Etrading Software, which has the project management office (PMO) role at Sentinel, says that dealing with MiFID requires substantial human resources, expertise and technology investment – which, if tackled on “an institution by institution basis, will demand substantial investment in areas that provide limited or no competitive advantage”.
Hence, the aim of Project Sentinel is to enable market participants to pool resources with their peer group in the non-competitive areas, such as MiFID II, by investing in a standards-based, strategic MiFID II compliant technology solution. This solution, explains Etrading, “streamlines and automates the business processes for the front-office, brings value and efficiency back to the business and reduces commercial risk”.
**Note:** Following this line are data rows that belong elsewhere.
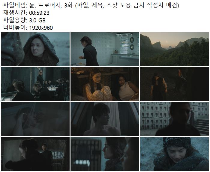 듄, 프로퍼시. 3화 (파일, 제목, 스샷 도용 금지!! 작성자 메건).mkv 3 G 00:59:23 1920x960
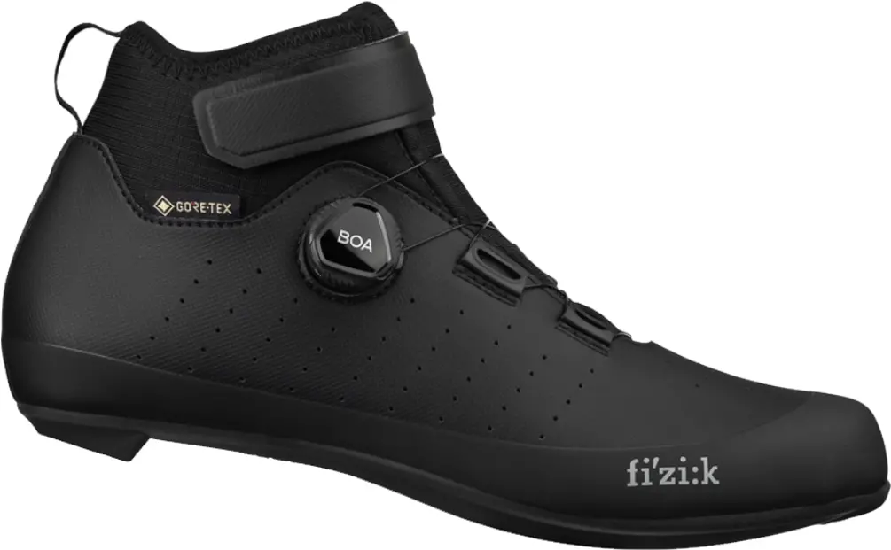 Fizik Tempo Artica R5 GTX Shoe 42.5 Black The Fizik Tempo Artica R5 GTX Shoe is engineered as a road cycling winter shoe, featuring an advanced GORE-TEX membrane and insulated fleece lining to be extra warm, breathable, and waterproof. The featured insulated GORE-TEX Koala membrane makes it fully waterproof, meaning you can rely on proven performance to keep you dry when it matters most. Beyond simply stopping wet weather, the advanced GORE-TEX technology is optimized for better breathability. To fight against frozen toes and keep feet toasty, the Artica GTX features a brushed-fleece lining. The effect is twofold, adding a soft layer that encompasses the feet in extra comfort while providing added warmth for triple-digit rides in single-digit temperatures. The upper Velcro closure is easy to adjust quickly, while the single L6 BOA® dial, gives micro adjustments on the fly for ultimate comfort. The newly redesigned R5 nylon outsole has a stiffness index of 6, offers moderate stiffness for efficient pedaling. Additionally, the cleat position is set slightly further back compared to traditional settings to better optimize pedaling efficiency and reduce knee compression. On this winter-specific configuration, the outsole omits vented holes to keep feet warm and dry. Weighing in at 319g. Available in Black. F3035425
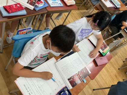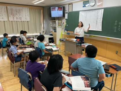 国語の時間です。4年生の研究授業の様子です。下北沢小学校では、今年度、国語科を重点に研究を進めています。
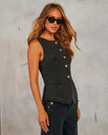 Clean lines, confident look. This two-piece set pairs a sleeveless, button-through denim vest with full-length, wide-leg trousers for a sharp, modern silhouette. Cut in solid-colour denim, it delivers structure without fuss and styles effortlessly from weekday to weekend.
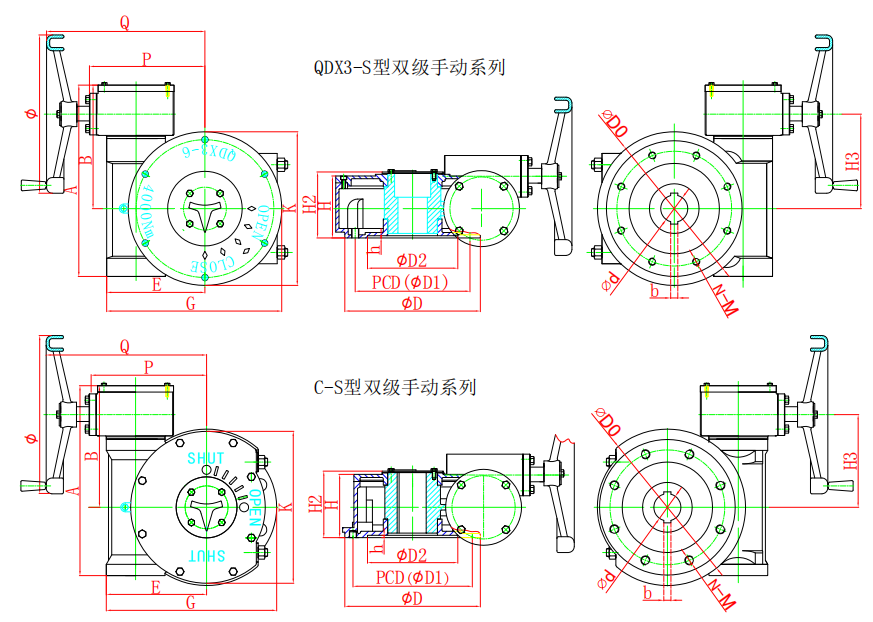 该系列是小蜗轮箱与大蜗轮箱对接组合成为二级传动蜗轮减速增压机构,提高了机械总效率,输入小力矩,开动大阀门,使操作人员省力,每种型号提供多个传动比,特殊型可输出360°无限多回转,能更好的匹配不同规格的阀门。
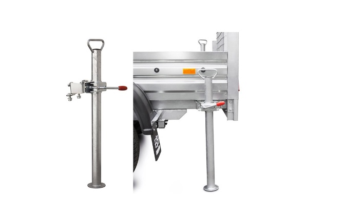 Оцинкованная опорная стойка (Ø48), в комплекте с элементами крепежа, для установки на раму прицепов общего назначения. Обеспечивает устойчивость прицепа во время погрузо-разгрузочных работ.
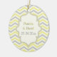 Modern yellow, grey, ivory chevron pattern custom ornament design. There is a frame with your names in the centre. Add your text, monogram or initials. A stylish zig zag design using the classic stripes with contemporary yet vintage look in a sense that can be personalised. You can change background and text colour choosing from over 200 colours from Zazzle colour chart. Elegant, classy and playful design to protect your electronic devices.
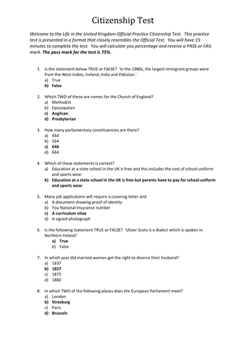 U.S. Citizenship test free online practice exams 2018. Thanks us citizenship support team for a very organized and straightforward online program. A big help for the preparation to this interview and i would 100% recommend this program to everyone who will be sitting their citizenship test. U.S. Naturalization citizenship test sample video, 2018. · there are 100 civics questions on the naturalization test. During the naturalization interview, applicants will be asked up to 10 questions from the list of 100 questions in english. Us citizenship test practice test geeks. The u.S. Citizenship test is an important step in your u.S. Citizenship application. During the citizenship interview, a us citizenship and immigration officer will ask the applicant ten(10) questions. The applicant must answer six(6) out of the ten(10) questions correctly in order to pass the civics p. Search for us citizenship questions with 100's of results at webcrawler. Free us citizenship test practice easily pass. The citizenship quiz contains all 100 of the uscis naturalization exam questions and answers.* Although the citizenship test is not done in multiple choice (you will have to know the answer), taking the quiz as many times as needed, will help you prepare for any of the citizenship test questions and the answers that can be asked during the interview. U.S. Citizenship test questions thoughtco. All applicants who filed for naturalization on or after october 1, 2008 are be required to take the new test. In the citizenship test , the applicant for citizenship is asked up to 10 of the 100 questions.
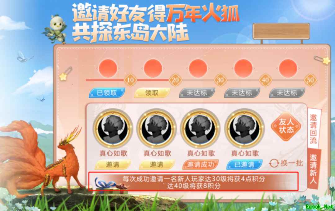 《妄想山海》二周年免费万年火狐领取攻略:只要邀请好友就能免费领超可爱万年·火狐! 2023年1月6日更新后-2023年1月16日活动期间,旅者可通过邀请流失旅者获得活动进度积分,积分累计到一定值即可对应解锁幼兽自选礼盒、邪巫密卷、万年火狐礼盒等进度奖励! 活动规则 ● 邀请对象:流失旅者(连续14日以上未登录游戏) ● 积分获取规则:回流旅者受邀重新登录后即算邀请成功,邀请玩家即可获得8点进度积分; ● 待邀请名单刷新规则:系统将于每日凌晨5点从旅者的社交关系好友中拉取40位符合条件的用户进入待邀请名单,新增好友将有概率于次日刷新进入旅者的待邀请列表; 特别提醒 ● 邀请成功后存在一定的时间延迟,若邀请成功后未正常获得进度积分,请尝试重新登录游戏。
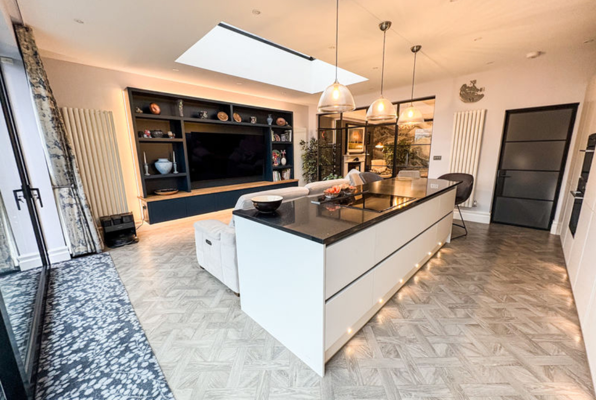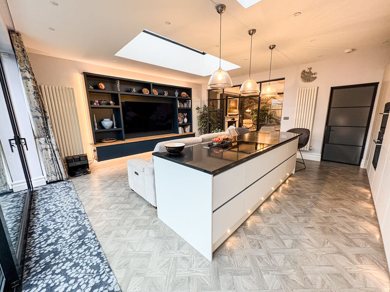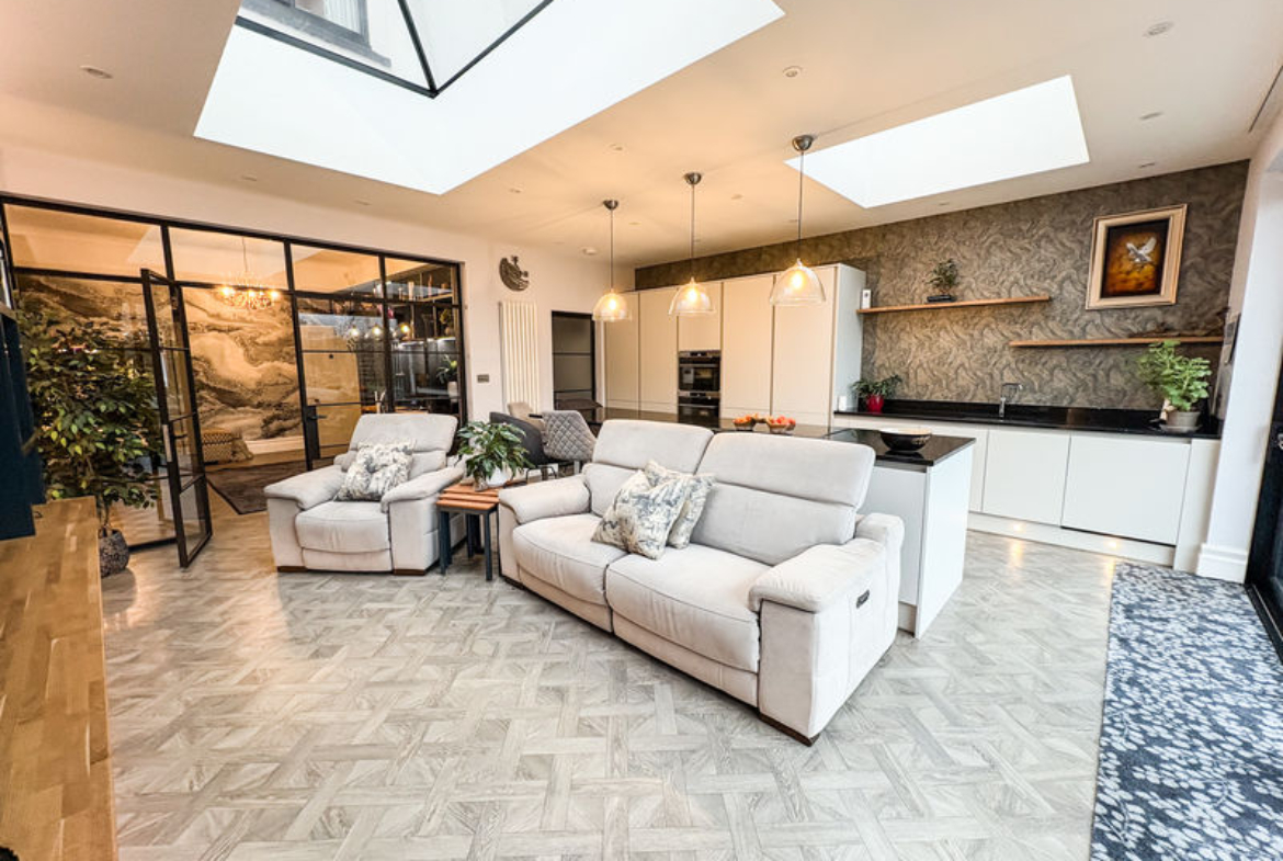 To the rear, the home opens into a stunning large kitchen extension designed to an exceptional show-home standard. Flooded with light from ceiling window lanterns, this impressive space forms the heart of the home, offering integrated appliances, a statement centre island and a generous family living area ideal for both everyday living and entertaining. A separate utility room and a stylish downstairs W.C further enhance the functionality of the ground floor.

The collaborative initiative focuses on:
- reducing costs and risks through the mutualisation of analysis, interpretation and implementation;
- reducing compliance costs thanks to sharing of costs of IT investment;
- economies of scale to create a competitive, market-leading, “best-in-class”solution;
- ensuring dedicated, focused resources working on a single project;
- consistent interpretation of MiFID II across participating institutions;
- creating a flexible solution that can be adapted to other regulatory regimes such as EMIR and Dodd-Frank.
What’s next?
The next phase of Project Sentinel is mapping out the MiFID II compliant workflows for the core variations of:
- interaction types;
- client types;
- trading models;
- venue types;
- instruments across the trading lifecycle.
This will then lead to the selection of best-of-breed technology solutions – buy or build – for the new market structure to come, says Etrading.